* Records for processing:
>>>

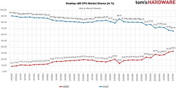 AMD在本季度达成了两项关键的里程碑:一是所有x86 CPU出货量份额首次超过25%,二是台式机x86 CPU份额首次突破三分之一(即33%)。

<<<
>>>

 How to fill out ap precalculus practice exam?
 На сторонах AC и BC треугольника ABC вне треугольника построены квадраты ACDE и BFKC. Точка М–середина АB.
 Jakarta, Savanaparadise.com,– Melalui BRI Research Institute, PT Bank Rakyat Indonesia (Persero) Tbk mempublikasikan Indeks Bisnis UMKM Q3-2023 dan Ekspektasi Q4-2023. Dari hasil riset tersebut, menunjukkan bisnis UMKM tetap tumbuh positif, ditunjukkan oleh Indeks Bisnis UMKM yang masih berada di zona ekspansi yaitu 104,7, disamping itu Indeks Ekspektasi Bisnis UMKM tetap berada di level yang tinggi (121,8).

<<<

* Exercise prompt:
The stretch of entries above that starts with the line containing "How to fill" and goes on through the line containing "На сторонах AC" is to be transcribed exactly, and no other line is to be transcribed.

* Exercise answer:
 How to fill out ap precalculus practice exam?
 На сторонах AC и BC треугольника ABC вне треугольника построены квадраты ACDE и BFKC. Точка М–середина АB.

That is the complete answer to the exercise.